In this regard, fig. 1 is a schematic diagram of an exemplary processor-based device 100 including a processor 102. The processor 102 (which may also be referred to as a "processor core" or a "Central Processing Unit (CPU) core") may be an in-order processor or an out-of-order processor (OoP), and/or may be one of the plurality of processors 102 provided by the processor-based device 100. In the example of fig. 1, processor 102 includes instruction processing circuitry 104 that includes one or more instruction pipelines I ₀-I_N for processing instructions 106 fetched from instruction memory (the "instr memory" of fig. 1) 108 for execution by fetch circuitry 110. As a non-limiting example, the instruction memory 108 may be provided in or as part of a system memory in the processor-based device 100. An instruction cache (the "INSTR. Cache" in the declarative text of FIG. 1) may also be provided in processor 102 to cache instructions 106 fetched from instruction memory 108 to reduce latency in fetch circuitry 110.

The fetch circuit 110 in the example of fig. 1 is configured to provide the instruction 106 as a fetched instruction 106F into one or more instruction pipelines I ₀ -I _N to be preprocessed in the instruction processing circuit 104 before the fetched instruction 106F reaches an execution circuit (the illustrated "exec circuit" in fig. 1) 114 to be executed. The instruction pipeline I ₀-I_N is provided across different processing circuits or stages of the instruction processing circuit 104 to pre-process and process the fetched instructions 106F in a series of steps that are performed concurrently to increase throughput before the fetched instructions 106F are executed by the execution circuit 114.
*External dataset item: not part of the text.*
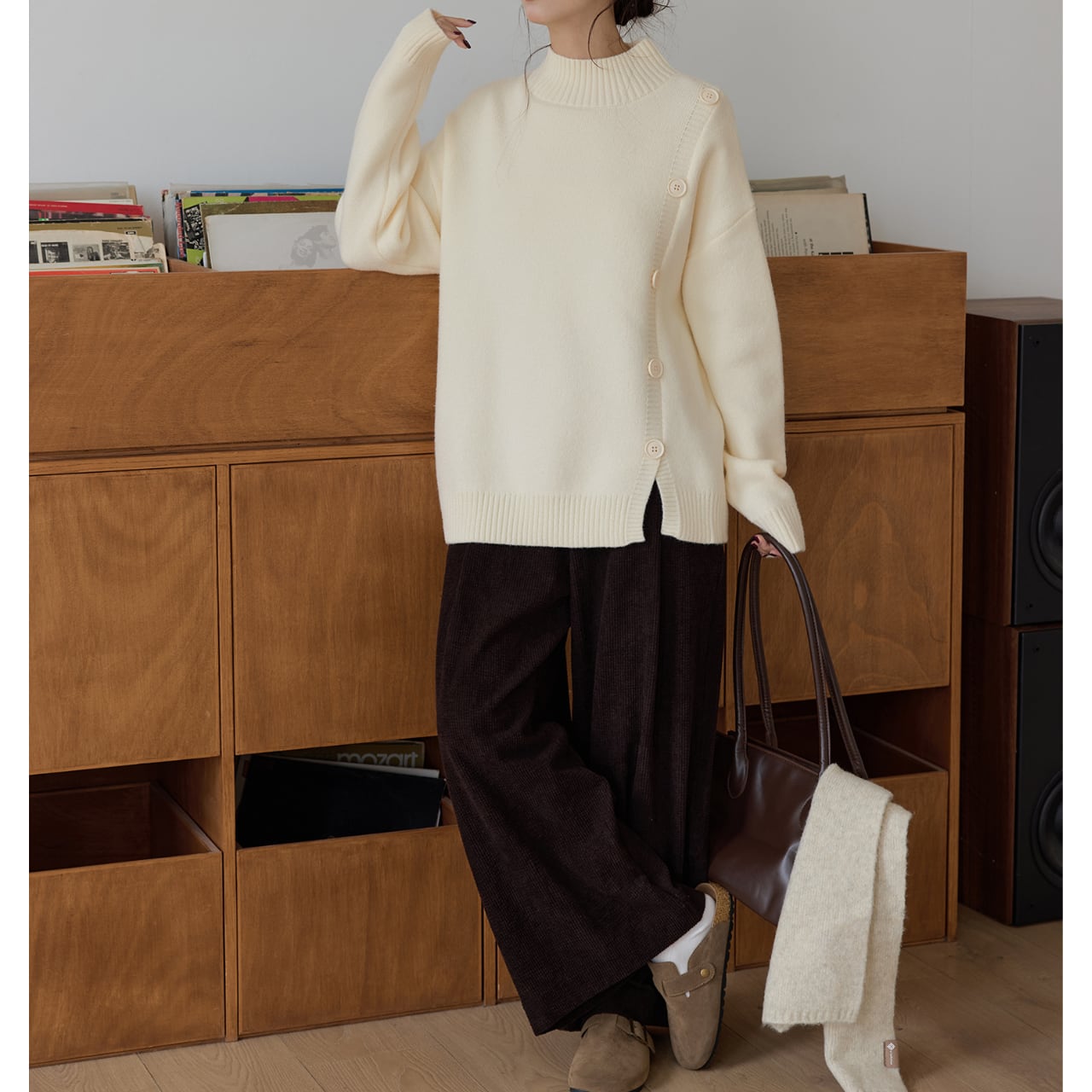 最大の特徴は、前身頃の斜めに配されたデザインボタン。
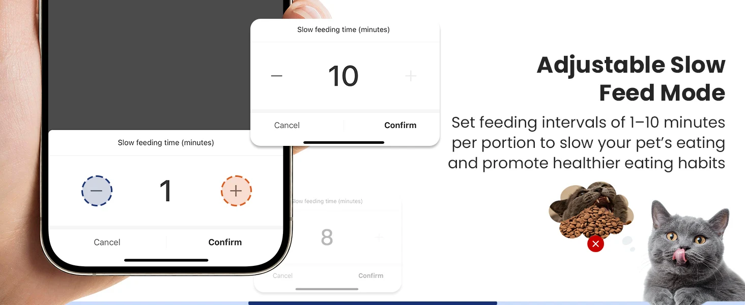 3.Double alimentation et appel d'alimentation personnalisé : pour une utilisation ininterrompue, le chargeur fonctionne avec un adaptateur secteur et 4 piles AA non rechargeables (non incluses), qui commutent automatiquement pendant les pannes de courant.La batterie de secours de 45 jours garantit une alimentation fiable même en cas de panne de courant.Vous pouvez également enregistrer un appel vocal personnalisé de 10 secondes pour réconforter vos animaux de compagnie, renforçant ainsi votre lien tout en leur invitant à manger.

With continued reference to FIG. 1, the instruction processing circuit 104 includes a decode circuit 118 configured to decode the fetched instructions 106F fetched by the fetch circuit 110 into decoded instructions 106D to determine the desired instruction type and action. The type of instruction and the required actions encoded in the decoded instruction 106D may also be used to determine in which instruction pipeline I ₀-I_N the decoded instruction 106D should be placed. In this example, the decoded instructions 106D are placed in one or more of the instruction pipelines I ₀-I_N and are then provided to the renaming circuitry 120 in the instruction processing circuitry 104. Renaming circuit 120 is configured to determine whether any register names in decoded instruction 106D should be renamed to decouple any register dependencies that would prevent parallel or out-of-order processing.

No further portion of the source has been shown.